[Work required] What must be handed in is the entire listing, exactly as written, with no pictures.

[Given material]
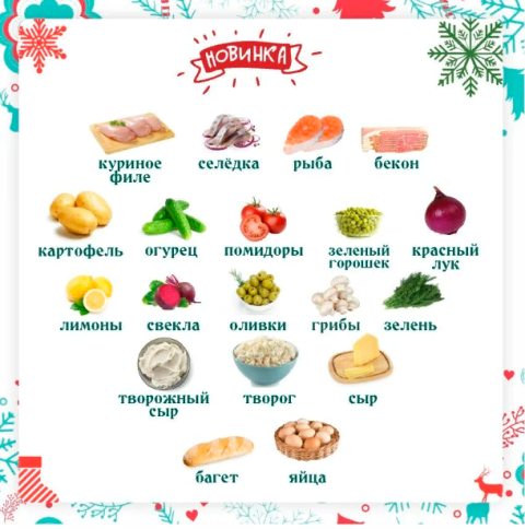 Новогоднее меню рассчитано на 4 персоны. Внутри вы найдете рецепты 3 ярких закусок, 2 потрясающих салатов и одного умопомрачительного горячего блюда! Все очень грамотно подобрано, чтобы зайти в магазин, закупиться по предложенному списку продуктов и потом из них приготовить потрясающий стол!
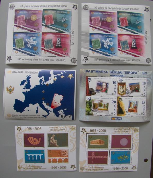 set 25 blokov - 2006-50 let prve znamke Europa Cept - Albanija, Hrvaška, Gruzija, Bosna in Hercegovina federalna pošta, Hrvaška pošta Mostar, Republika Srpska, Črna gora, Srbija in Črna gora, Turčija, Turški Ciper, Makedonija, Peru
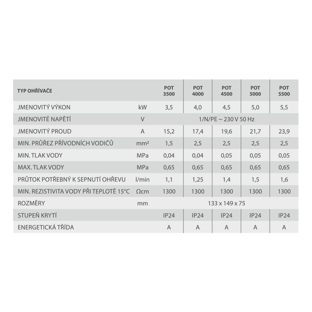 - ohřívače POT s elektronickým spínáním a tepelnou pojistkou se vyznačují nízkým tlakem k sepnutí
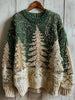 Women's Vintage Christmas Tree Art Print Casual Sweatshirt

[Exercise answer]
 Новогоднее меню рассчитано на 4 персоны. Внутри вы найдете рецепты 3 ярких закусок, 2 потрясающих салатов и одного умопомрачительного горячего блюда! Все очень грамотно подобрано, чтобы зайти в магазин, закупиться по предложенному списку продуктов и потом из них приготовить потрясающий стол!
 set 25 blokov - 2006-50 let prve znamke Europa Cept - Albanija, Hrvaška, Gruzija, Bosna in Hercegovina federalna pošta, Hrvaška pošta Mostar, Republika Srpska, Črna gora, Srbija in Črna gora, Turčija, Turški Ciper, Makedonija, Peru
 - ohřívače POT s elektronickým spínáním a tepelnou pojistkou se vyznačují nízkým tlakem k sepnutí
 Women's Vintage Christmas Tree Art Print Casual Sweatshirt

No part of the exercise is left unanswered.